Watch for Me on the Mountain
- Author: Forrest Carter
- Language: English
- Publisher: Delacorte Press
- Publication date: September 22, 1978
- Publication place: United States
- Pages: 305
- ISBN: 0440022029

= Watch for Me on the Mountain =

1978 novel by Forrest Carter

Watch for Me on the Mountain is a 1978 novel by the American writer Asa Carter, published under his pen name Forrest Carter. It has also been published as Cry Geronimo. It is about the Apache military leader and medicine man Geronimo as he fights against the United States Cavalry.

==Plot==
Geronimo leads a group of Apaches who escape the San Carlos reservation in southeastern Arizona in the summer of 1886. They consist of aging warriors, women and children. Starving and suffering from the heat, they wander into the Sierra Madre where Geronimo has hidden rifles. Geronimo, who is both military leader and medicine man, uses guerilla tactics to lead his men in battle against the United States Cavalry. The fighting lasts until September, when Geronimo surrenders to the cavalry scout Tom Horn. Along with the story of Geronimo at war, the novel covers 300 years of Apache history.

==Background==
Carter began conducting research for the novel in late 1973. He told the Abilene Reporter-News that he had interviewed "several Apaches on the reservation, including some of the tribal historians", but according to historian and reporter Dan T. Carter, Carter primarily relied on books found in the public library in Sweetwater, Texas, going so far as to rent a room there for a few weeks. The book drew from three main sources. The first was the journal of Leonard Wood, a physician was a part of the Army expedition that captured Geronimo; the University of New Mexico Press published a reprint of the journal in 1970. The second was Geronimo: A Biography, published by conservationist, author, and self-taught historian Alexander Adams in 1971. The third was Geronimo: His Own Story, a compilation of the Apache leader's sayings and recollections, published in 1907 and reprinted by E. P. Dutton in 1970 with an introduction by Frederick W. Turner.

==Reception==
Webster Schott of The New York Times wrote that the book contains "moments of poetry" when it covers Geronimo's role as a spiritual leader. Schott wrote that although Carter is insightful, his desire to cover history makes the novel suffer when it "trails off into lecture". Kirkus Reviews wrote that Geronimo's spiritual visions are the book's backbone and called the novel "less than totally enthralling or convincing but vivid, richly colored, and often fiercely effective".
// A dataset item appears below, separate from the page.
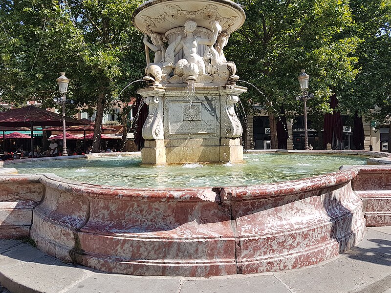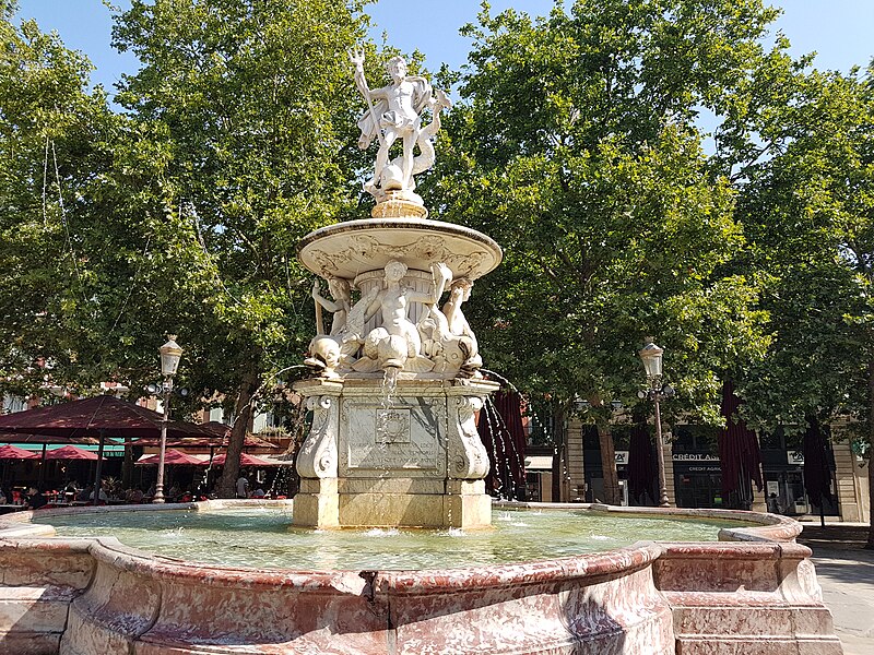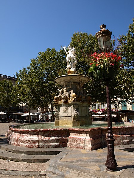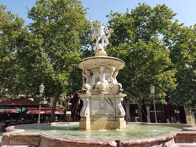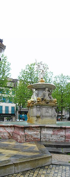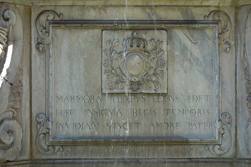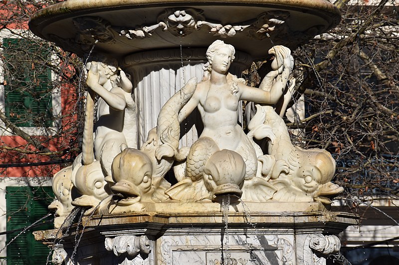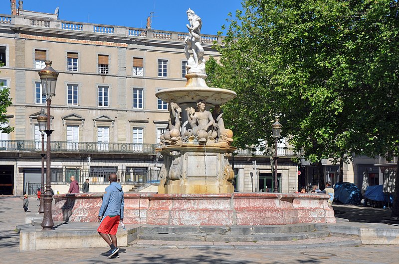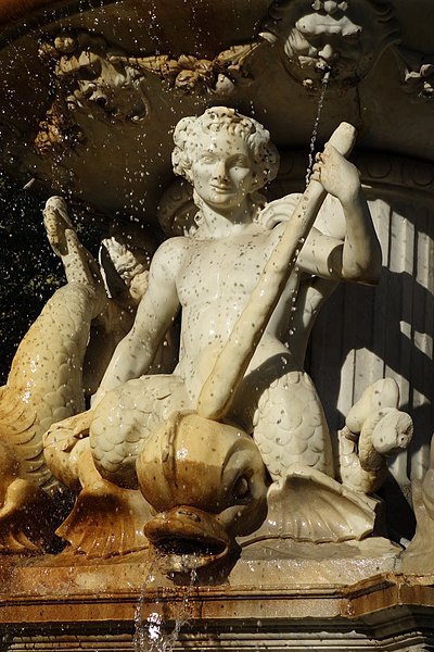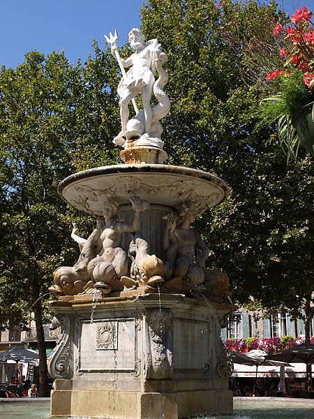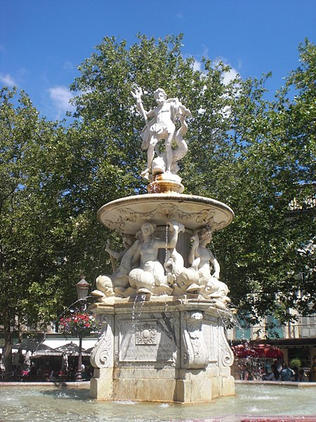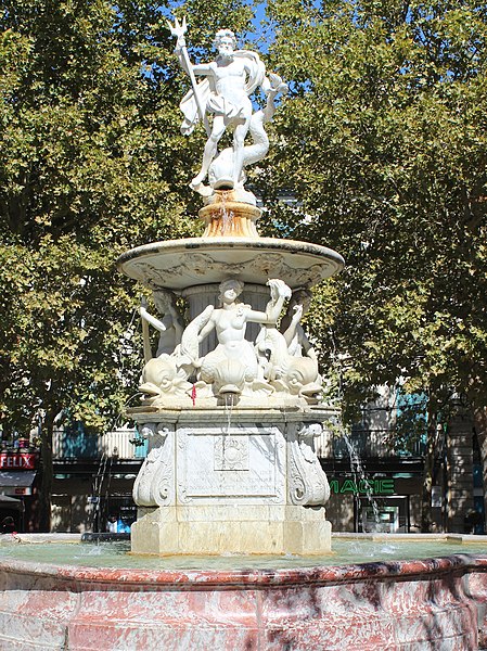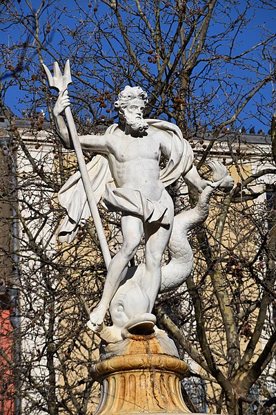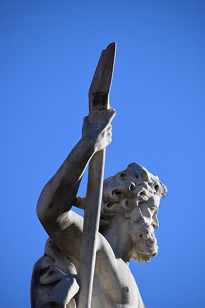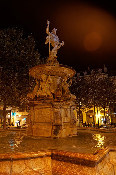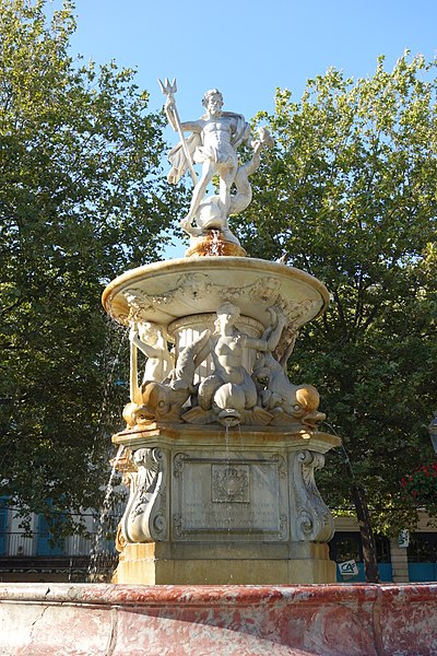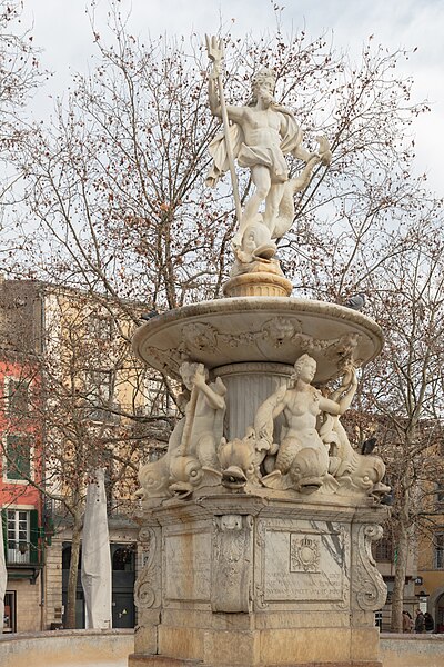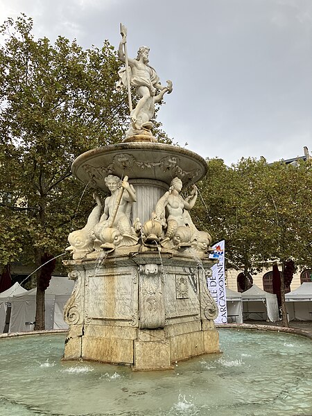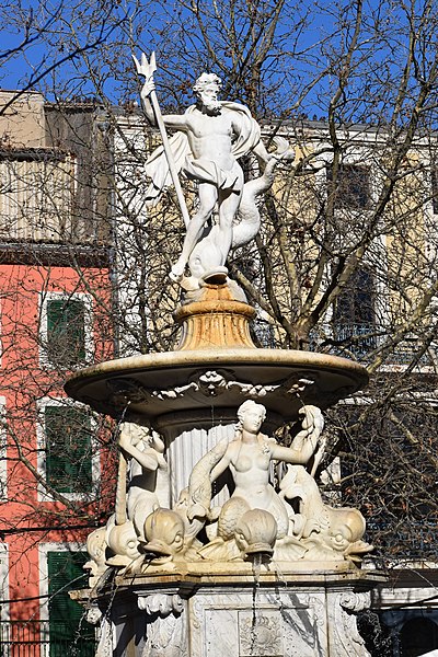 Fontaine achevée en 1770, œuvre des sculpteurs italiens Barata père et fils. Elle s'élève au centre d'un bassin en marbre incarnat. La base principale forme un socle carré orné d'inscriptions sur ses faces et d'enroulements aux angles. Au-dessus prennent place deux tritons et deux naïades qui semblent commander des dauphins dont les naseaux projettent de nombreux jets d'eau. Ces figures mythologiques supportent une vasque décorée de mascarons et de guirlandes; au centre se dresse une statue de Neptune, posée sur un piédouche d'où jaillit une source abondante se répartissant en cascades autour du monument.

There were discussions about making a film adaptation. Carter died in June 1979 while visiting his son on the way to a meeting with a film studio in Los Angeles. Danny Arnold expressed interest in adapting the novel. Arnold was quite fond of the novel and wanted to explore more serious works after producing the comedy sitcom My World and Welcome to It. He believed the novel could have great potential as a Native American version of the hit mini-series Roots.